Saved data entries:
BEGIN
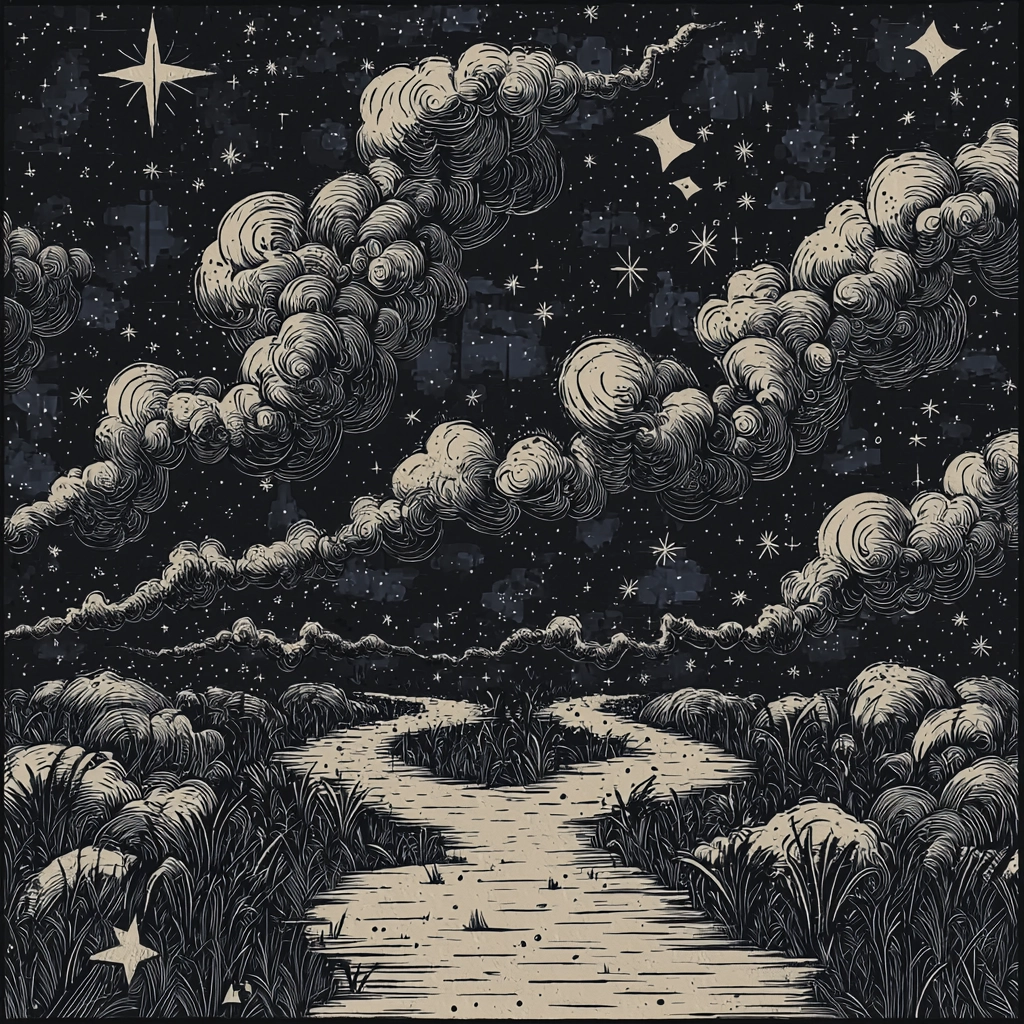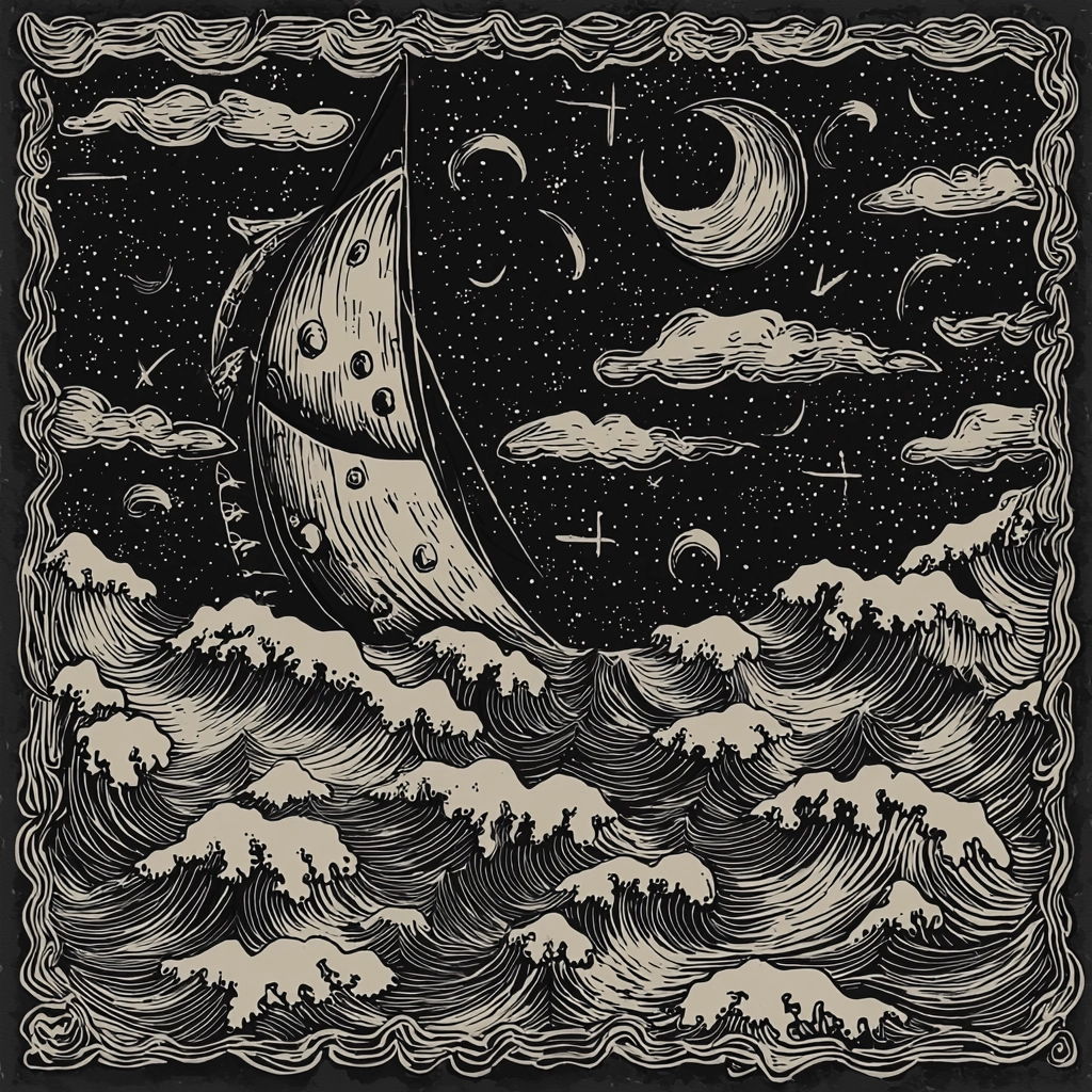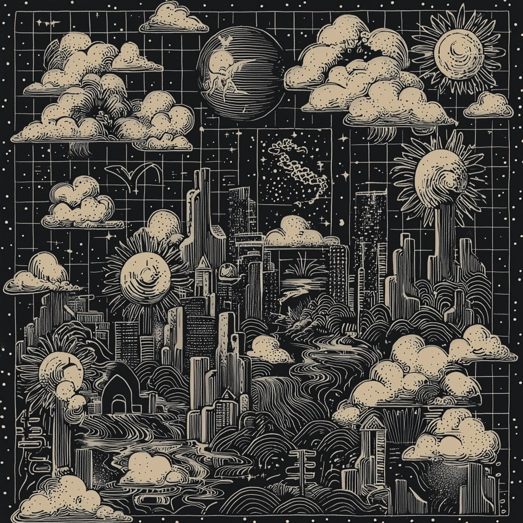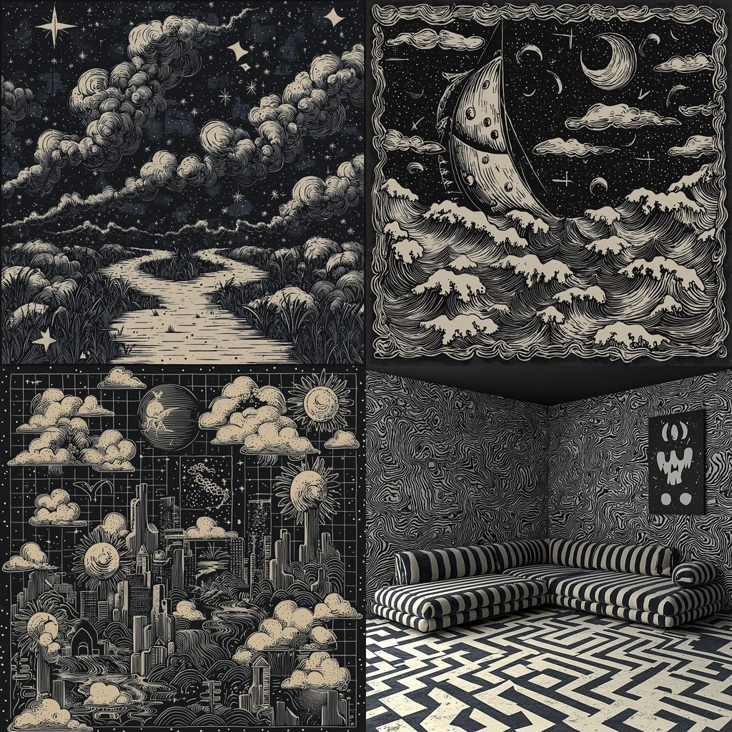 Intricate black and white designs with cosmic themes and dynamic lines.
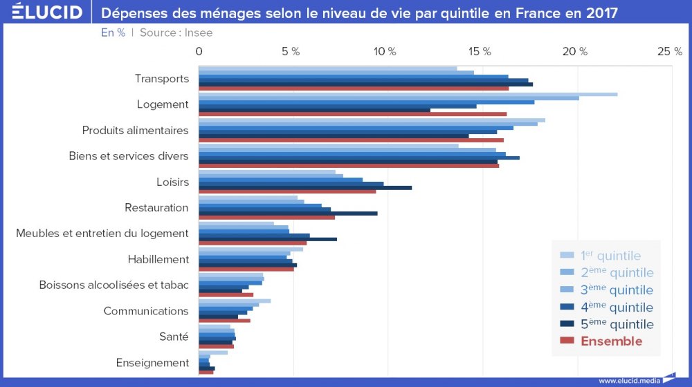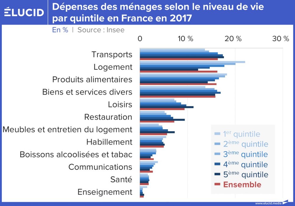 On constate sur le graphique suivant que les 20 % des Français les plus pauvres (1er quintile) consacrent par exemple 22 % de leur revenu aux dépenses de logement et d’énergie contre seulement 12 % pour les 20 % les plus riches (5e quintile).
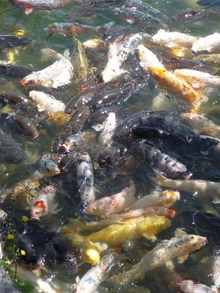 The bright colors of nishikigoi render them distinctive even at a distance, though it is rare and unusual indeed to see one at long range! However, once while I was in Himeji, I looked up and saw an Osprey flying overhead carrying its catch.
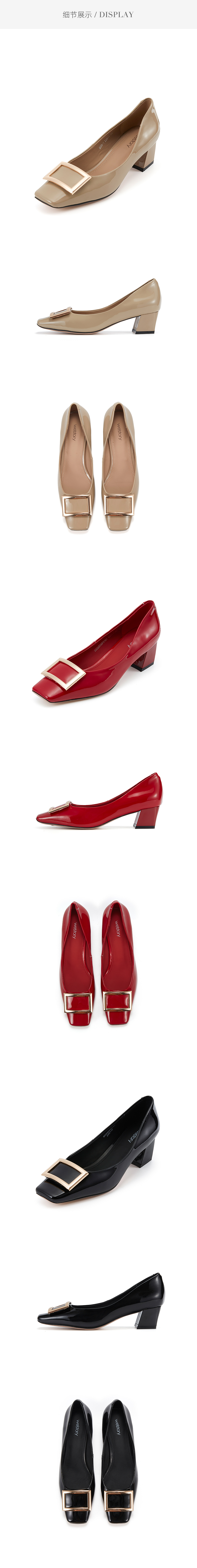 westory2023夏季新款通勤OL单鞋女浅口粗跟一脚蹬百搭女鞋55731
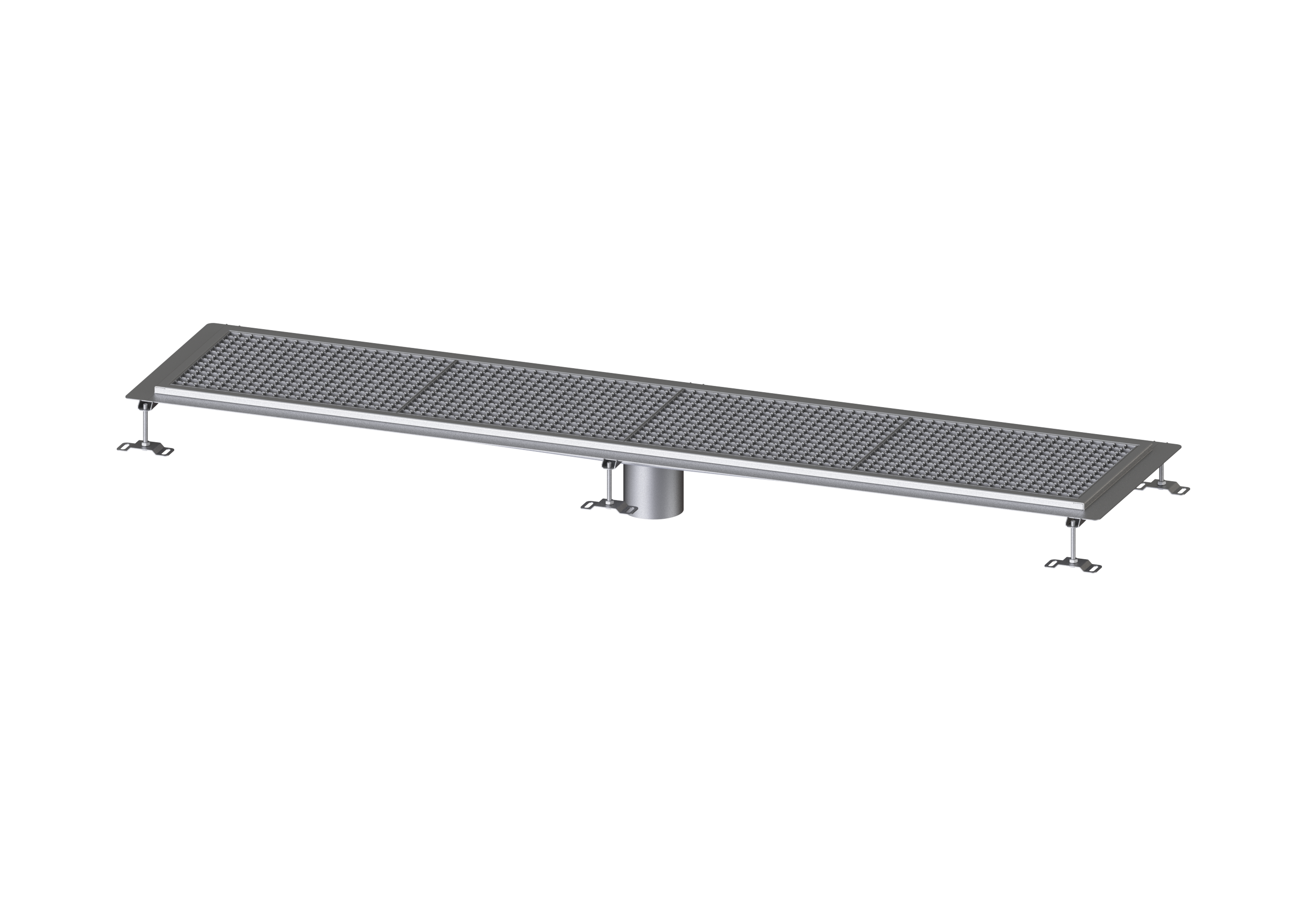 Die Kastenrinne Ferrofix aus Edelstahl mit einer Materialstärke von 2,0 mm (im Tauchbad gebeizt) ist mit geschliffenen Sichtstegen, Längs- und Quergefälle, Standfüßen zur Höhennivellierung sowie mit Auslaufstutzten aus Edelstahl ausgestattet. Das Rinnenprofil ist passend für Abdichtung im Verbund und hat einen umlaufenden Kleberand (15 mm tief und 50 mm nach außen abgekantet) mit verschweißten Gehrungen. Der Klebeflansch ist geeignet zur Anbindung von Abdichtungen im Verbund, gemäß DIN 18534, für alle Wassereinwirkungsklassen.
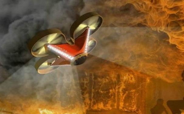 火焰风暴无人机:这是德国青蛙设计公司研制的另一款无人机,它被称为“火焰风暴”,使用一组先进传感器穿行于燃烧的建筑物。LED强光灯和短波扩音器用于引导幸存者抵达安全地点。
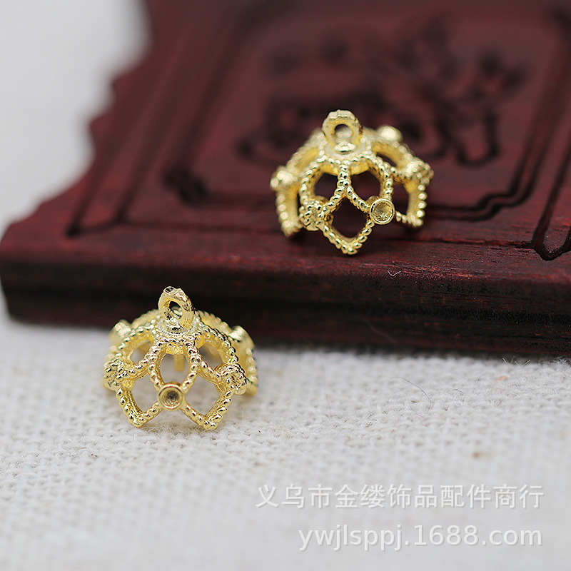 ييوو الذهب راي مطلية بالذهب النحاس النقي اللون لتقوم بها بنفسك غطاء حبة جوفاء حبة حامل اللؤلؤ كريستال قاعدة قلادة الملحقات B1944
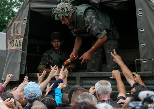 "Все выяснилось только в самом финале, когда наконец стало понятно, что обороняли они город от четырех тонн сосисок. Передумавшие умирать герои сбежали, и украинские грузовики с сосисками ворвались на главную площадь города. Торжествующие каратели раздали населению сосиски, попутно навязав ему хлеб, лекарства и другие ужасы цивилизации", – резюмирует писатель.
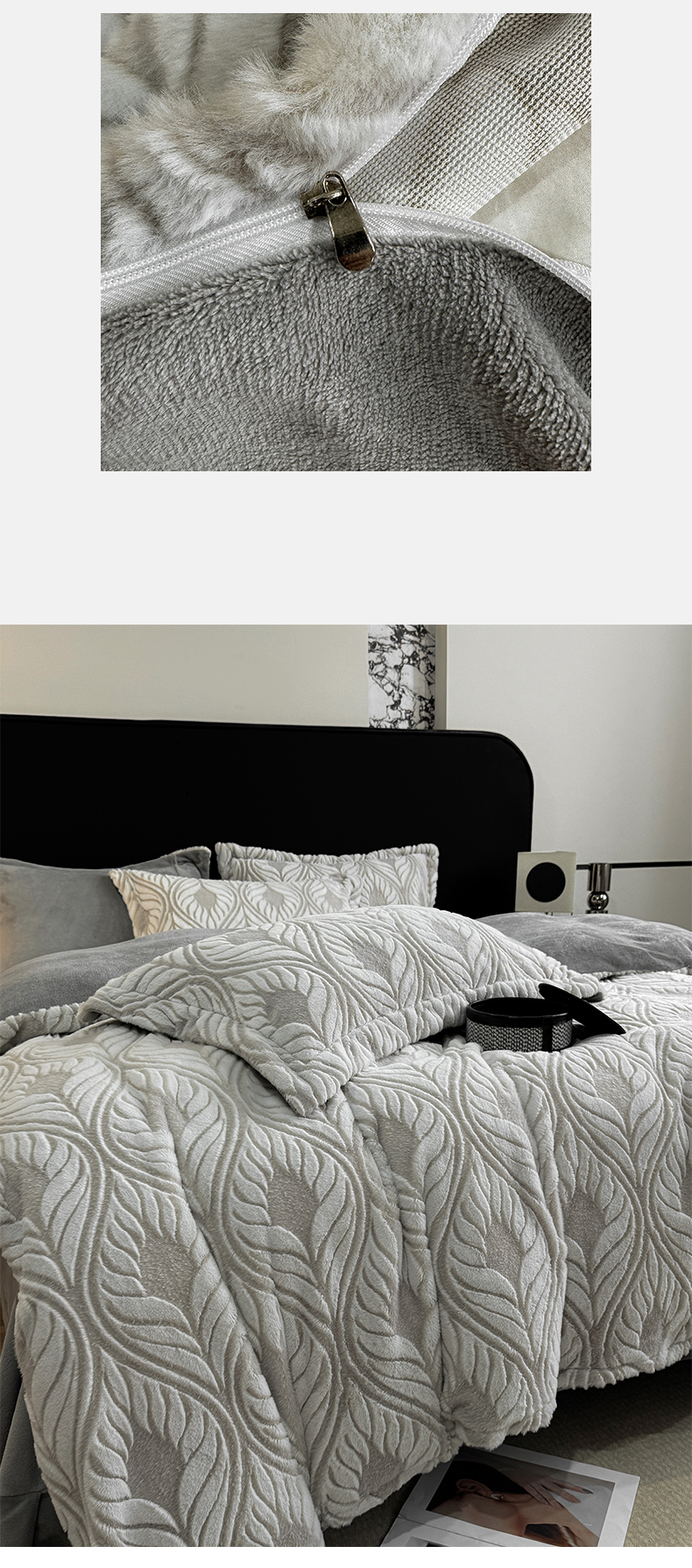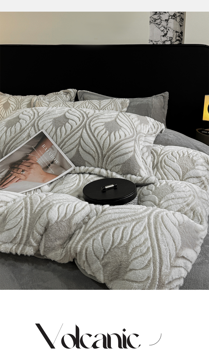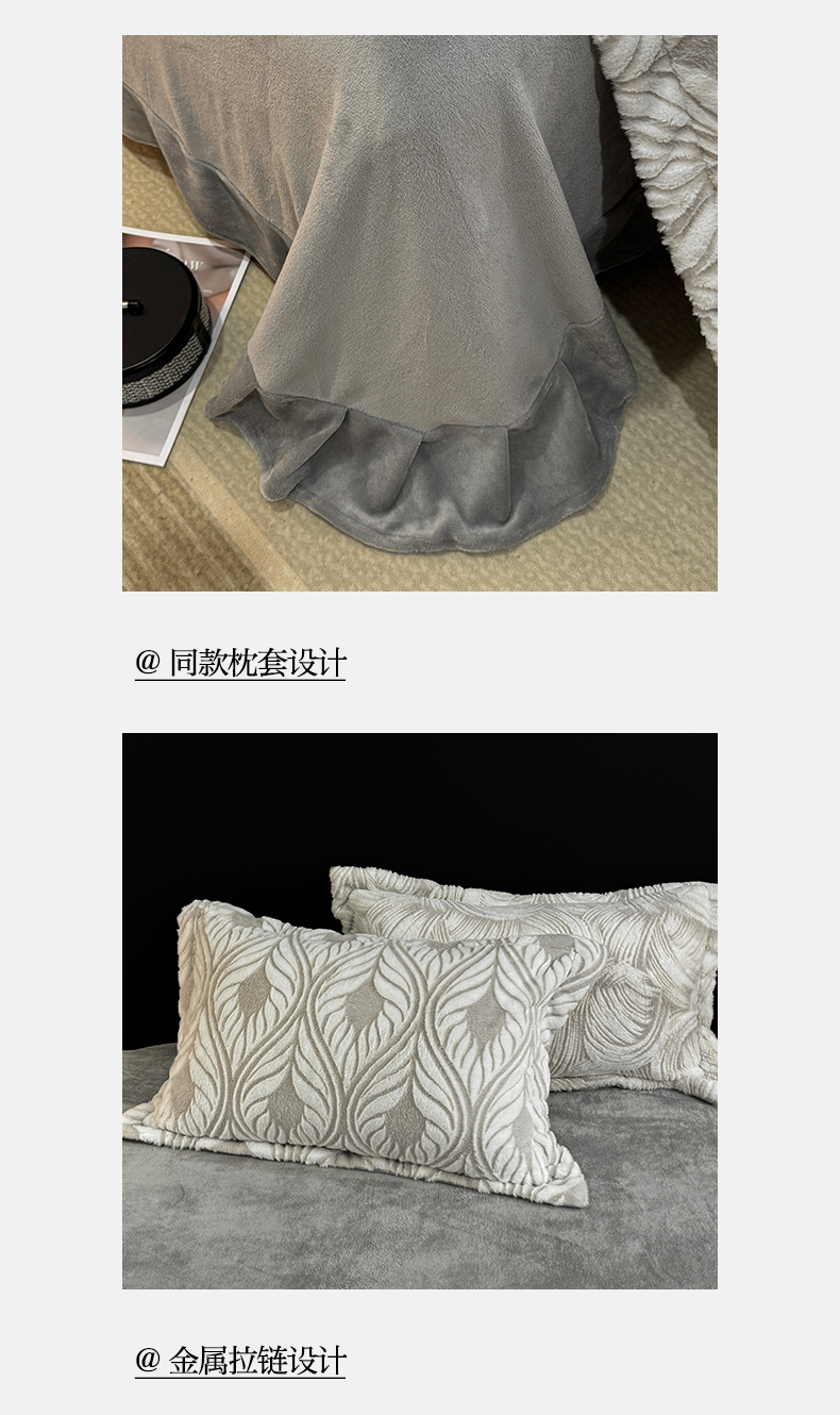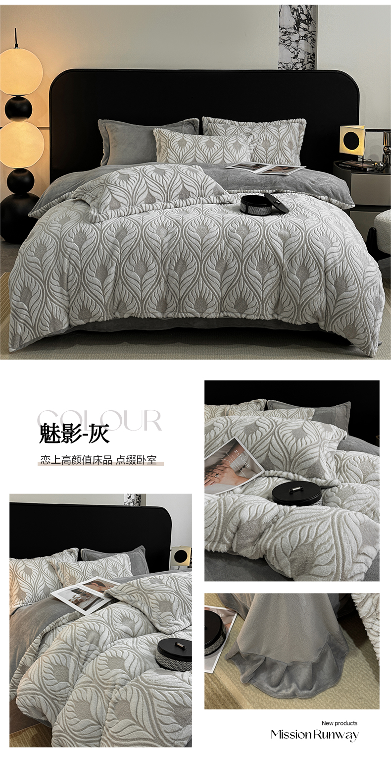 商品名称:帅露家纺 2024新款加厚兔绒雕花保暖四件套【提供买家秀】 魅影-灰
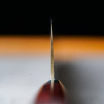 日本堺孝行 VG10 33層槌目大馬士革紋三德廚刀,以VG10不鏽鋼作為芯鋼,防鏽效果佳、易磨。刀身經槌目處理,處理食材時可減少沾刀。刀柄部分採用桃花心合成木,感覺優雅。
END
## Exercise prompt
The records above must all be output exactly. Omit the images.

## Completed task
 Intricate black and white designs with cosmic themes and dynamic lines.
 On constate sur le graphique suivant que les 20 % des Français les plus pauvres (1er quintile) consacrent par exemple 22 % de leur revenu aux dépenses de logement et d’énergie contre seulement 12 % pour les 20 % les plus riches (5e quintile).
 The bright colors of nishikigoi render them distinctive even at a distance, though it is rare and unusual indeed to see one at long range! However, once while I was in Himeji, I looked up and saw an Osprey flying overhead carrying its catch.
 westory2023夏季新款通勤OL单鞋女浅口粗跟一脚蹬百搭女鞋55731
 Die Kastenrinne Ferrofix aus Edelstahl mit einer Materialstärke von 2,0 mm (im Tauchbad gebeizt) ist mit geschliffenen Sichtstegen, Längs- und Quergefälle, Standfüßen zur Höhennivellierung sowie mit Auslaufstutzten aus Edelstahl ausgestattet. Das Rinnenprofil ist passend für Abdichtung im Verbund und hat einen umlaufenden Kleberand (15 mm tief und 50 mm nach außen abgekantet) mit verschweißten Gehrungen. Der Klebeflansch ist geeignet zur Anbindung von Abdichtungen im Verbund, gemäß DIN 18534, für alle Wassereinwirkungsklassen.
 火焰风暴无人机:这是德国青蛙设计公司研制的另一款无人机,它被称为“火焰风暴”,使用一组先进传感器穿行于燃烧的建筑物。LED强光灯和短波扩音器用于引导幸存者抵达安全地点。
 ييوو الذهب راي مطلية بالذهب النحاس النقي اللون لتقوم بها بنفسك غطاء حبة جوفاء حبة حامل اللؤلؤ كريستال قاعدة قلادة الملحقات B1944
 "Все выяснилось только в самом финале, когда наконец стало понятно, что обороняли они город от четырех тонн сосисок. Передумавшие умирать герои сбежали, и украинские грузовики с сосисками ворвались на главную площадь города. Торжествующие каратели раздали населению сосиски, попутно навязав ему хлеб, лекарства и другие ужасы цивилизации", – резюмирует писатель.
 商品名称:帅露家纺 2024新款加厚兔绒雕花保暖四件套【提供买家秀】 魅影-灰
 日本堺孝行 VG10 33層槌目大馬士革紋三德廚刀,以VG10不鏽鋼作為芯鋼,防鏽效果佳、易磨。刀身經槌目處理,處理食材時可減少沾刀。刀柄部分採用桃花心合成木,感覺優雅。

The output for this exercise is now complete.